On 17.12.21 20:22, Linus Torvalds wrote:
On Fri, Dec 17, 2021 at 11:04 AM Linus Torvalds torvalds@linux-foundation.org wrote:
If we are doing a COW, we need an *exclusive* access to the page. That is not mapcount, that is the page ref.
mapcount is insane, and I think this is making this worse again.
Maybe I'm misreading this, but afaik
get a "readonly" copy of a local private page using FAULT_FLAG_UNSHARE.

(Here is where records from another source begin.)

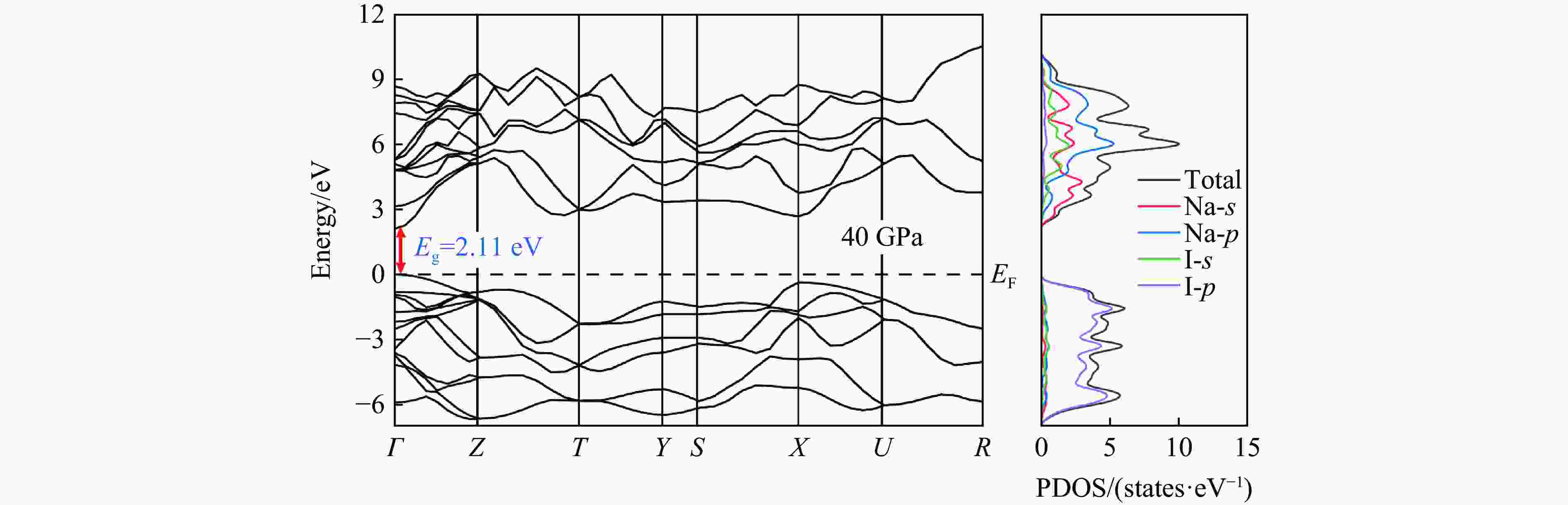 图  40 GPa压力下NaI的B33相的能带结构和投影态密度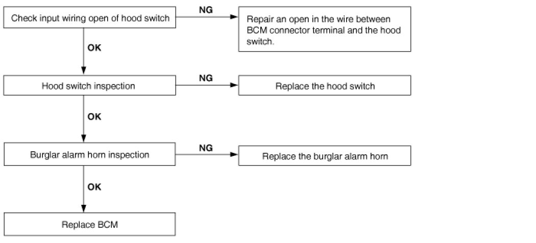 2. When hood is opened in ARM mode, burglar alarm does not work.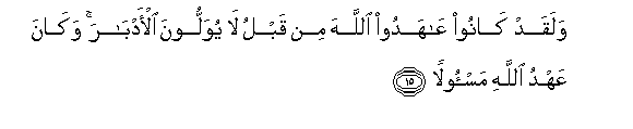 15. Walaqad kanoo AAahadoo Allaha min qablu la yuwalloona al-adbara wakana AAahdu Allahi mas-oolan
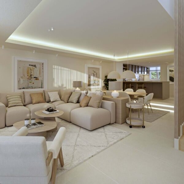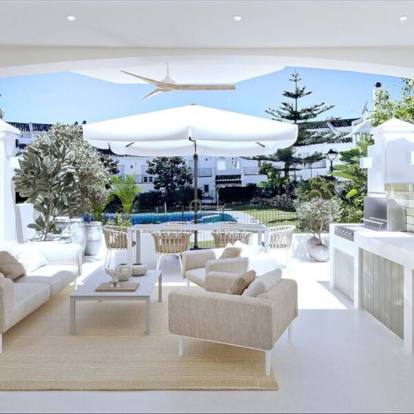 Located in the prestigious community of Arco Iris on Marbellas Golden Mile, this exceptional corner townhouse offers a rare opportunity to acquire a fully renovated turnkey residence in one of Marbellas most desirable locations. The property features five en-suite bedrooms plus an additional guest toilet, within a built area of 303 m², combining refined design, privacy and prime positioning.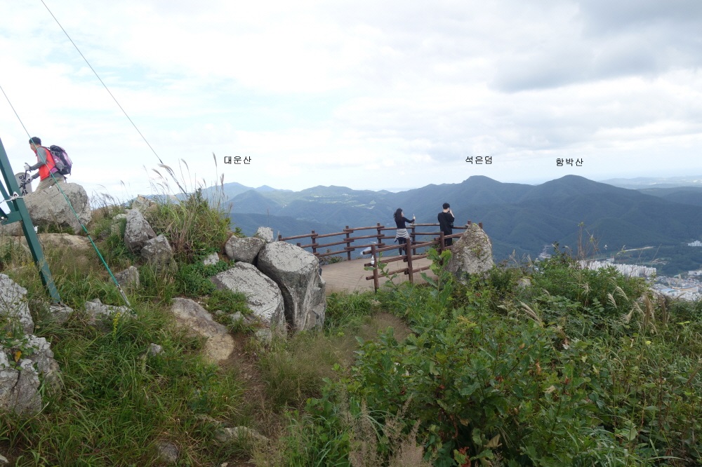 좌측 멀리 대운산이 있고 우측으로 석은덤봉과 함박산이 보인다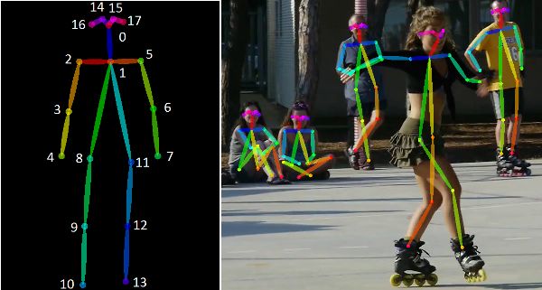 图:左:COCO 关键点格式的人体骨架。右:将骨架映射到人体图片上。(图片来源:https://github.com/CMU-Perceptual-Computing-Lab/openpose)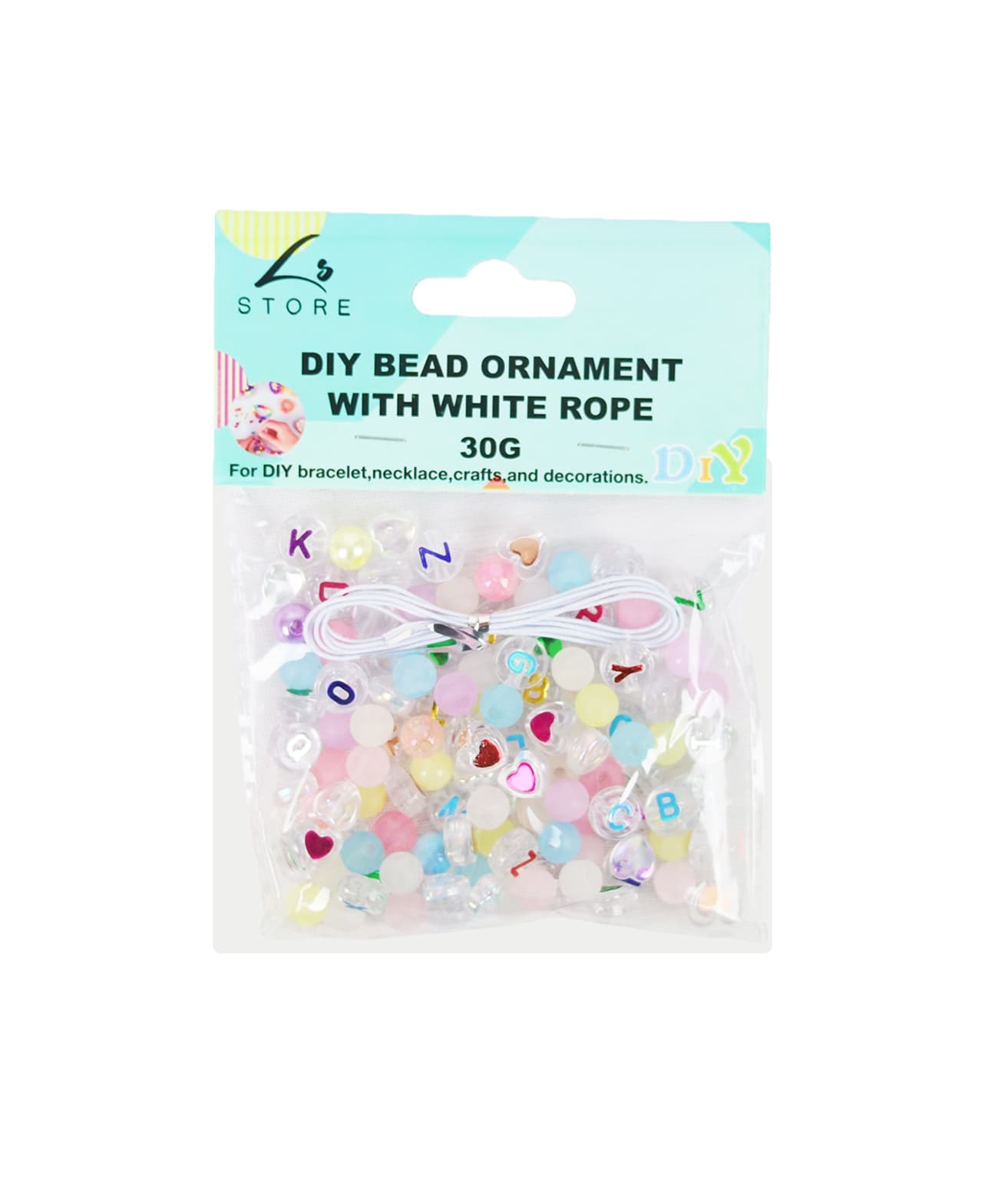 A 30g set of DIY bead ornaments with white rope. Suitable for creating bracelets, necklaces, crafts, and decorative projects for personalized craft designs.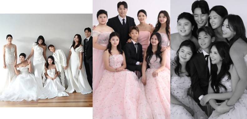 공개된 영상과 사진에는 이동국과 이수진, 그리고 다섯 자녀가 함께한 화사한 가족사진 촬영 모습이 담겼다. 이동국 부부는 단정한 블랙 수트와 드레스를 맞춰 입었으며, 자녀들 또한 드레스를 착용한 채 청순한 분위기를 자아내 눈길을 끌었다.

This just increments the page count, because mapcount == 1.
fork()
unmap in the original
child now has "mapcount == 1" on a page again, but refcount is
elevated, and child HAS TO COW before writing.
Hi Linus,
This is just GUP before fork(), which is in general problematic/incompatible with sharing. What we're concerned about in the context of this series (see the security issue) is GUP after fork(). And we're not changing GUP before fork() or even the COW logic in the context of this series.
I agree that GUP before fork() has to be handled differently: during fork(): don't share something that cannot possibly be shared in a safe way. Don't allow COW semantics for something that is just broken with COW.
Notice? "mapcount" is complete BS. The number of times a page is mapped is irrelevant for COW. All that matters is that we get an exclusive access to the page before we can write to it.
We have to be very careful about the two sides of the story: GUP before fork and GUP after fork.
Anybody who takes mapcount into account at COW time is broken, and it worries me how this is all mixing up with the COW logic.
Now, maybe this "unshare" case is sufficiently different from COW that it's ok to look at mapcount for FAULT_FLAG_UNSHARE, as long as it doesn't happen for a real COW.
But honestly, for "unshare", I still don't see that the mapcount matters. What does "mapcount == 1" mean? Why is it meaningful?
I'll reply to your first mail in a sec.
GUP is the problem with COW, not ordinary processes mapping a page (mapcount), where you will only get new sharers during fork() -- in a very controlled way. So GUP has to take care to unshare *before* taking a reference, such that we can never reach the point of missed COW. GUP really is the problematic bit with it all.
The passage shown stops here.